Print only the lines from the top of the data through the line with "Стильное платье-футляр отрезное", both included, skipping every picture.

Segment Start: Extracted records

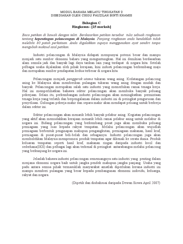 Panjang ringkasan anda hendaklah tidak melebihi 80 patah perkataan. Karangan jenis ini menghendaki anda melaporkan sesuatu peristiwa yang didengar atau dilihat. Hal ini terbukti apabila Kementerian Pelancongan melaporkan bahawa sebanyak 30 juta pelancong asing telah berkunjung ke Malaysia pada tahun 2011 dan berjaya.
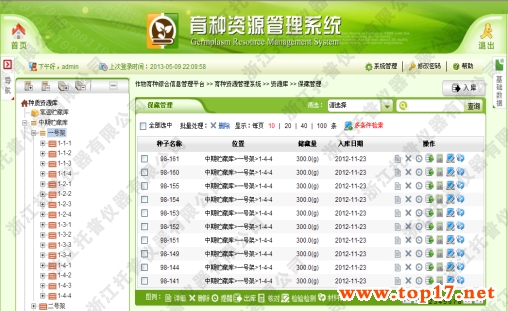 (3)預警提醒:對儲存期到期、庫存量低于預設值、發芽率低于預設值、達到庫存核對時間的種子進行自動提醒,防止種子生活力喪失以及庫存不足。
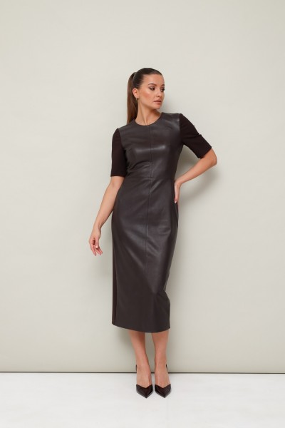 Стильное платье-футляр отрезное по линии талии, выполнено из экокожи и трикотажного полотна. Горловина округлой формы. Короткие втачные рукава. Застёжка по спинке в среднем шве на потайную молнию. Для удобства движения сзади обработан разрез.
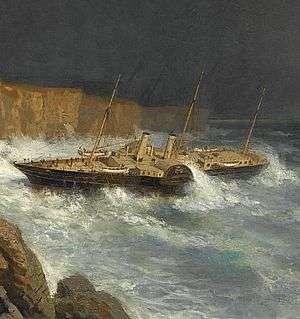 The Livadia left Greenock on October 3 with Popov, Tideman, Edward James Reed and William Houston Stewart on board.[26] She safely reached Brest on October 7, where she picked up General Admiral of the Imperial Navy Grand Duke Constantine.[26] On October 8 the Livadia sailed into the Bay of Biscay and was soon caught in a violent storm.[26] According to Reed, sailing straight into the storm to test the ship was Constantine's idea and that no Russian dared to argue.[27] Waves of six to seven meters failed to upset the Livadia: transverse roll did not exceed 3.5 degrees, longitudinal pitch was within 5.5 degrees.[27] Stewart praised the comfort of the Livadia: "I never was in so comfortable a ship at sea in a gale of wind ... the absence of rolling, the easiness of motion, the great comfort on board, and the handiness of steering, were such as I have never seen before in any other ship under similar circumstances of weather and sea".[5]
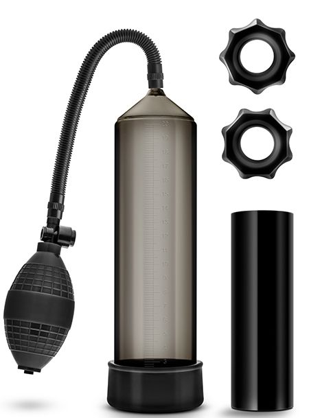 Вакуумный массажер для мужчин. Создает хорошую степень разряжения в колбе за счет удобного ручного механизма выкачивания воздуха. В комплект входят 2 эрекционных кольца одного диаметра для увеличения притока крови в момент вакуумного массажа, а также компактный мастурбатор. Длина помпы - 24 см., рабочая длина - 20 см., диаметр - 5,7 см.
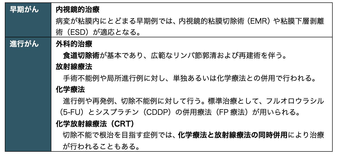 ただし、発見時にはすでに局所進行または遠隔転移を認める例が多く、切除可能な症例は限られている。そのため、手術不能例や再発例に対しては化学療法や放射線療法が選択される。
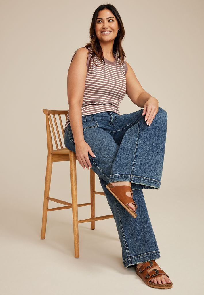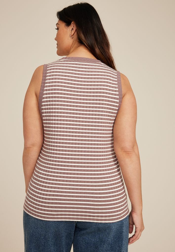 Plus Size Striped Ribbed Side Gusset Tank Top
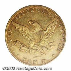 <table><tr><td><TABLE cellSpacing=0 cellPadding=0 width="100%" bgColor=#000000 border=0><TBODY> <TR><TD width="100%"><TABLE cellSpacing=1 cellPadding=3 width="100%" border=0><TBODY><TR><TD width="100%" bgColor=#79735c><FONT face=arial color=#ffffff size=3><B>Description</B> </FONT></TD></TR><TR><TD width="100%" bgColor=#ffffff><FONT face=arial size=2><B>1861 $10 Clark, Gruber & Co. Ten Dollar XF45 PCGS.</B></I> K-7, R.4.This olive-gold Territorial piece has ample luster and only moderate rub on the cheek, hair, and eagle's wingtips. The right obverse field has a pinscratch, as does the lower reverse field. According to Don Kagin in his 1981-dated standard reference, all examples seen have a series of die cracks through the date and left wing. However, the present gold piece is apparently an early strike, since not only are there no visible die cracks, but the base of the first 1 in the date is noticeably repunched, unmentioned in Kagin. Listed on page 302 of the 2003 <I>Guide Book.</B></I> Population: 12 in 45, 45 finer (9/03). </FONT></TD></TR></TBODY></TABLE></TD></TR></TBODY></TABLE><BR><A name=PricesRealized></A><TABLE cellSpacing=0 cellPadding=0 width="100%" bgColor=#000000 border=0><TBODY><TR><TD width="100%"><TABLE cellSpacing=1 cellPadding=3 width="100%" border=0><TBODY><TR><TD width="100%" bgColor=#79735c><A name=PR><FONT face=arial color=#ffffff size=3><B>Previous Prices from Heritage Auctions</B> </FONT></A></TD></TR><TR><TD bgColor=#f6f6ed><TABLE cellSpacing=0 cellPadding=0 width="100%" border=1><TBODY><TR><TD align=middle width="33%"><B>Date</B></TD><TD align=middle width="33%"><B>Service</B></TD><TD align=middle width="33%"><B>Price</B></TD></TR><TR bgColor=whitesmoke><TD width="33%"><B>09/28/2002</B></TD><TD width="33%">ANACS</TD><TD width="33%">$6,612.50</TD></TR></TBODY></TABLE></TD></TR><TR><TD bgColor=#ffffff><FONT face=arial size=1 ?>PLEASE NOTE: All prices realized reflect the final hammer price PLUS the buyer's premium in auctions that charge a buyer's premium. Each item has a notation at the top of the listing indicating whether that lot included a buyer's premium. Example: A item that sells with a final hammer price of $100 and a 20% buyer's premium will display with a price realized of $120. All information listed is intended to be as accurate as possible, but errors are possible. Please use this guide carefully and inform us of any inaccuracies. </FONT></TD></TR></TBODY></TABLE></TD></TR></TBODY></TABLE><BR><TABLE cellSpacing=0 cellPadding=0 width="100%" bgColor=#000000 border=0><TBODY><TR><TD width="100%"><TABLE cellSpacing=1 cellPadding=3 width="100%" border=0><TBODY><TR><TD width="100%" bgColor=#79735c colSpan=6><FONT face=arial color=#ffffff size=3><B>Price Guide*</B> </FONT></TD></TR><TR bgColor=#f6f6ed><TD align=middle><B>Grade</B> </TD><TD align=middle><B>Coin World<BR>(Trends)</B> </TD><TD align=middle><B>Numismedia<BR>Retail</B> </TD><TD align=middle><B>Numismedia<BR>Wholesale</B> </TD><TD align=middle><B>Coin<BR>Universe</B> </TD><TD align=middle><B>Heritage<BR>Value Index</B> </TD></TR><TR bgColor=#ffffff><TD align=middle>40</TD><TD align=right>---</TD><TD align=right>---</TD><TD align=right>---</TD><TD align=right>---</TD><TD align=right>---</TD></TR><TR style="FONT-WEIGHT: bold" bgColor=#cccfdd><TD align=middle>45</TD><TD align=right>---</TD><TD align=right>---</TD><TD align=right>---</TD><TD align=right>---</TD><TD align=right>---</TD></TR><TR bgColor=#ffffff><TD align=middle>50</TD><TD align=right>---</TD><TD align=right>---</TD><TD align=right>---</TD><TD align=right>---</TD><TD align=right>---</TD></TR><TR bgColor=#ffffff><TD colSpan=6><FONT size=1>*All information listed is intended to be as accurate as possible, but errors are possible. No item may be returned or refused based on this information which is provided as a service to our customers. You should contact each pricing source directly to determine the accuracy of this information. </FONT></TD></TR></TBODY></TABLE></TD></TR></TBODY></TABLE><BR><TABLE cellSpacing=0 cellPadding=0 width="100%" bgColor=#000000 border=0><TBODY><TR><TD width="100%"><TABLE cellSpacing=1 cellPadding=3 width="100%" border=0><TBODY><TR><TD width="100%" bgColor=#79735c><FONT face=arial color=#ffffff size=3><B>Population Guide</B> </FONT></TD></TR><TR bgColor=#ffffff><TD align=middle><!-- Begin Output of Population Grid--><TABLE cellSpacing=0 cellPadding=0 width="100%" border=0><TBODY><TR><TD vAlign=center><TABLE cellSpacing=0 width="100%" border=1 cellsadding="3"><TBODY><TR><TD vAlign=center><TABLE cellSpacing=0 cellPadding=3 width="100%" border=1><TBODY><TR><TD vAlign=center align=middle bgColor=#f0f1e8 colSpan=2 <CENTER><FONT face=Arial size=2><B>PCGS Pop </B></FONT><CENTER></CENTER></TD><TD vAlign=center align=middle bgColor=#f0f1e8 colSpan=2><CENTER><FONT face=Arial size=2><B>NGC Pop</B></CENTER></FONT></TD></TR><TR><TD vAlign=center><FONT face=Arial size=2>(45)</FONT> </TD><TD vAlign=center align=right><FONT face=Arial size=2>12</FONT> </TD><TD vAlign=center><FONT face=Arial size=2>(45)</FONT> </TD><TD vAlign=center align=right><FONT face=Arial size=2>3</FONT> </TD></TR><TR><TD vAlign=center><FONT face=Arial size=2>(>45)</FONT> </TD><TD vAlign=center align=right><FONT face=Arial size=2>45</FONT> </TD><TD vAlign=center><FONT face=Arial size=2>(>45)</FONT> </TD><TD vAlign=center align=right><FONT face=Arial size=2>44</FONT> </TD></TR></TBODY></TABLE></TD></TR></TBODY></TABLE></TD></TR></TBODY></TABLE><!-- End Output of Population Grid--></TD></TR></TBODY></TABLE></TD></TR></TBODY></TABLE><BR><TABLE cellSpacing=0 cellPadding=0 width="100%" bgColor=#000000 border=0><TBODY><TR> Important notice: Heritage usually auctions material at the rate of 200-250 lots per hour. On some occasions eBay Live bid software or the Internet may not be able to keep up with the pace of the auction. We recommend placing a realistic absentee bid now as insurance to avoid disappointment. Occasionally the auctioneer may eliminate or rejec
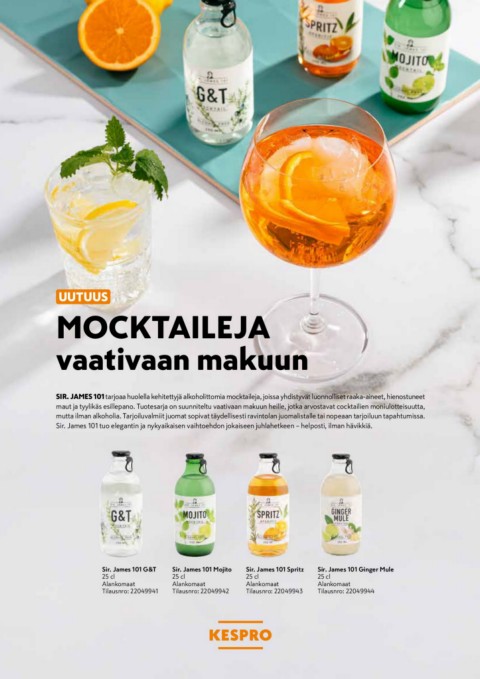 mutta ilman alkoholia. Tarjoiluvalmiit juomat sopivat täydellisesti ravintolan juomalistalle tai nopeaan tarjoiluun tapahtumissa.
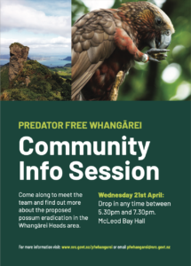 To help this project succeed, it will need the support of many – landowners, iwi/hapū, Landcare groups, conservation groups, communities, schools, whānau, businesses and more. The Predator Free Whangārei team has been busy notifying the 1,845 landowners in the Whangārei Heads area, and aim to have met with the majority of landowners located between Bream Head and Ody Road by the end of May with onsite meetings, follow up emails and phone calls and community information sessions.
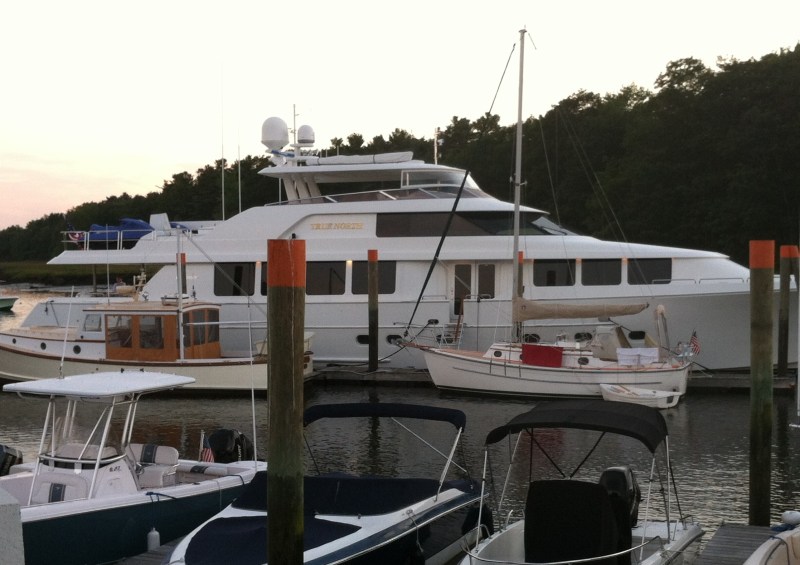On one of the hottest nights of the summer, Steadfast sits in the wind shadow of a hundred foot motor yacht at Chick’s Marina, Kennebunkport, ME.
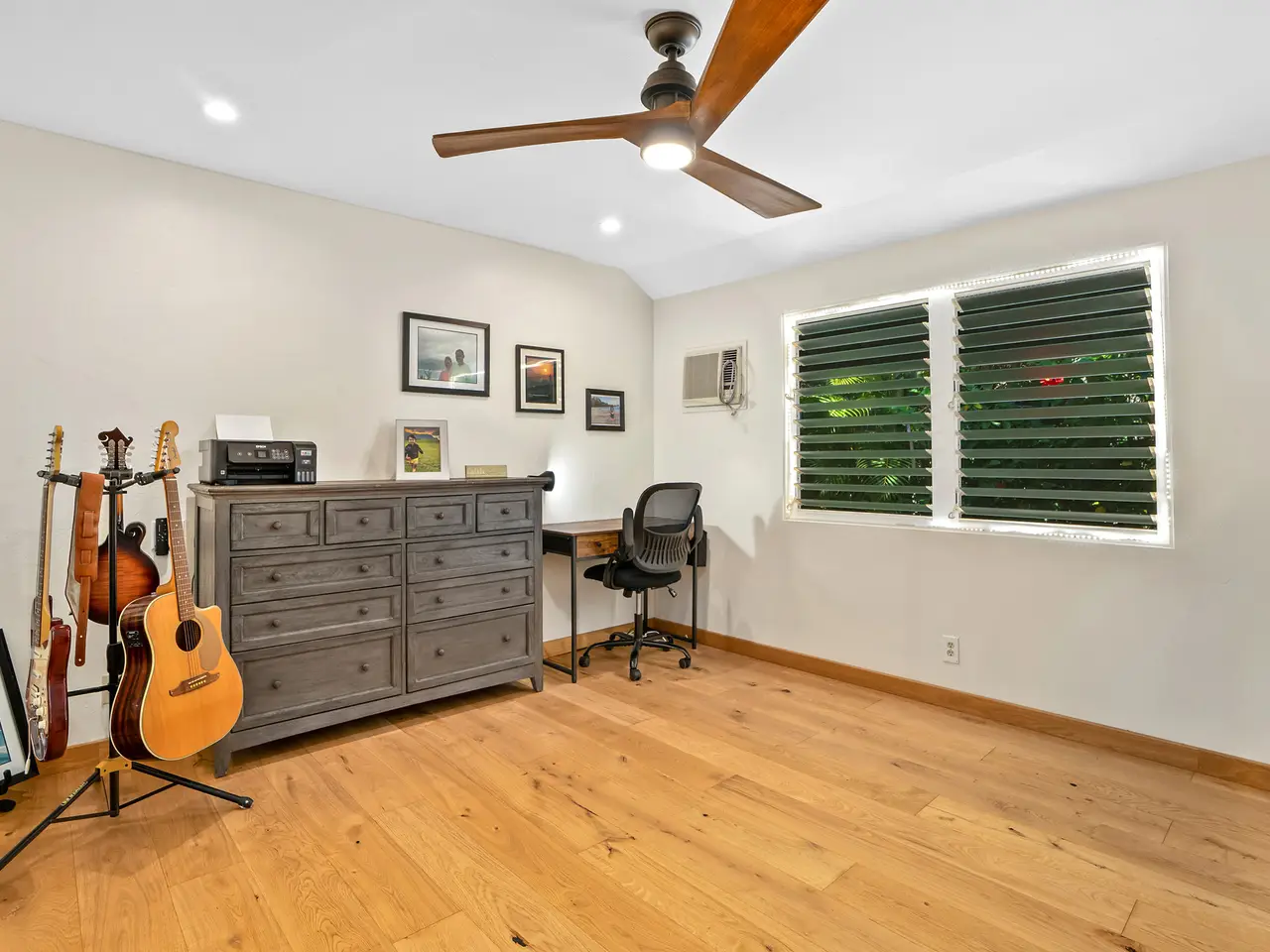 Nestled within a tranquil cul-de-sac, this expansive two-bedroom, two-bathroom residence embodies the essence of island living. Enveloped by the serene 2.5-acre sanctuary of Mili Makani Park. This home offers a rare blend of mountain vistas and seclusion, a testament to understated luxury in a coveted neighborhood. The heart of the home has a generously appointed kitchen, which boasts a Monkeypod bar counter, abundant storage, an induction stovetop, with ample countertop space, and flows seamlessly into the light-filled living and dining areas. Vaulted open-beam ceilings and walls of windows bring the outdoors in. A screened-in lanai invites you to savor gentle breezes, morning sunrises, and vibrant evening sunsets. Together with the interior, the home offers approximately 1,510 sq. ft. of harmonious living space. Fully Furnished with elegant Hawaiian-inspired decor that perfectly complements the tropical surroundings. In addition, recently adorned with pristine white oak hardwood flooring and interior and exterior paint. Retreat to the primary bedroom featuring an en suite bathroom with a walk-in shower and dual sink vanity. Walk out to your private outdoor oasis shower, and a new hot tub adds to your daily relaxation while watching the stars overhead. The secondary bedroom and bath offer spacious accommodations with recent updates. Additional highlights include a two-car garage, custom hurricane shutters, and a lush yard with lime, banana, and breadfruit trees surrounded by tropical flowers. While not currently a vacation rental, the property lies within the Visitor Destination Area (VDA), offering the opportunity for vacation rental eligibility. The sellers are currently accepting backup offers.
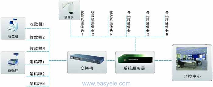 本系統(tǒng)要實(shí)現(xiàn)的主要功能有:現(xiàn)前臺(tái)員工每次掃描商品,都會(huì)在監(jiān)控畫面上同步顯示出商品名稱、單價(jià)、數(shù)量、金額、款臺(tái)號(hào)、員工號(hào)等信息,通過后臺(tái)系統(tǒng)管理軟件實(shí)現(xiàn)商品信息集中管理,并可單獨(dú)回放指定員工、商品的錄像片段。
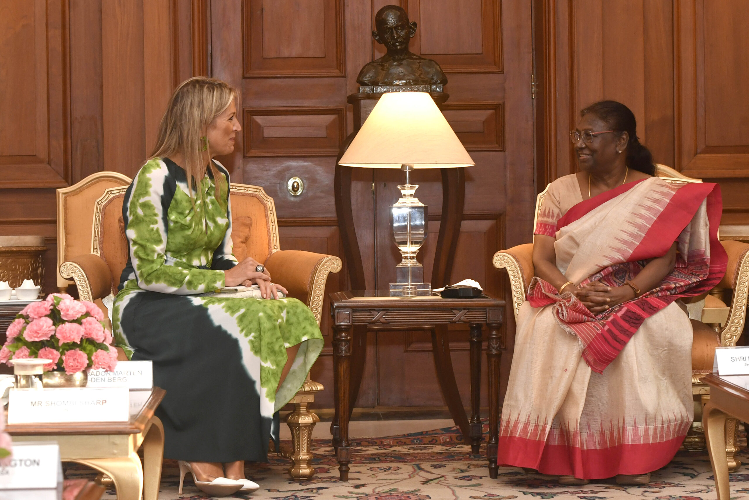 Her Majesty Queen Máxima of the Netherlands called on the President of India, Smt. Droupadi Murmu at Rashtrapati Bhavan. The President welcomed Queen Máxima and discussed about the deepening of the bilateral relations between India and the Netherlands.
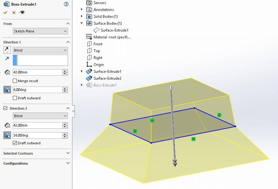 Släppningsvinklar påverkar stora delar av modellen och en generell rekommendation är att införa vinklarna så tidigt dom möjligt. Om man gör som med avrundningar, väntar till sent i modellhistorien får man i allmänhet fler oönskade situationer. Operationen som man kanske först tänker på är den som heter just draft. Draft lägger till släppningsvinklar, låter ju lämpligt. Innan ni kan använda kommandot draft, behöver ni någon yta att drafta, kanske från en extruderingsoperation.
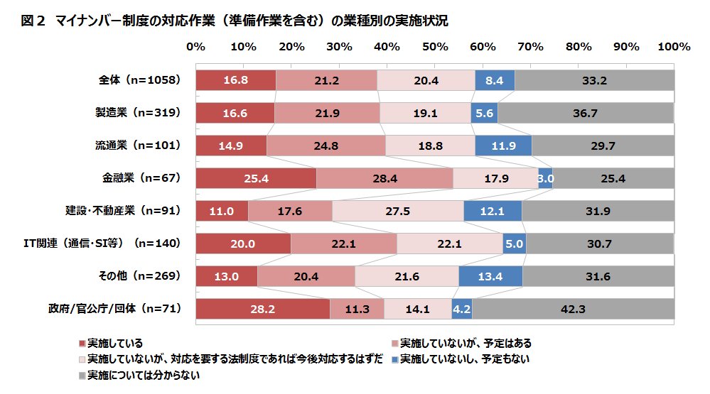 図2 マイナンバー制度への対応作業(準備作業を含む)の業種別の実施状況
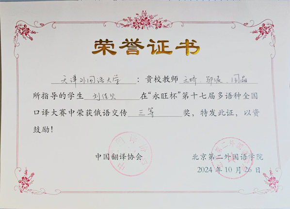 由欧洲语言文化学院教师王娇、邬波、国晶指导的2021级俄语专业本科生刘佳贝荣获俄语交传组三等奖。

Segment End: Extracted records

- Expected answer:
 Panjang ringkasan anda hendaklah tidak melebihi 80 patah perkataan. Karangan jenis ini menghendaki anda melaporkan sesuatu peristiwa yang didengar atau dilihat. Hal ini terbukti apabila Kementerian Pelancongan melaporkan bahawa sebanyak 30 juta pelancong asing telah berkunjung ke Malaysia pada tahun 2011 dan berjaya.
 (3)預警提醒:對儲存期到期、庫存量低于預設值、發芽率低于預設值、達到庫存核對時間的種子進行自動提醒,防止種子生活力喪失以及庫存不足。
 Стильное платье-футляр отрезное по линии талии, выполнено из экокожи и трикотажного полотна. Горловина округлой формы. Короткие втачные рукава. Застёжка по спинке в среднем шве на потайную молнию. Для удобства движения сзади обработан разрез.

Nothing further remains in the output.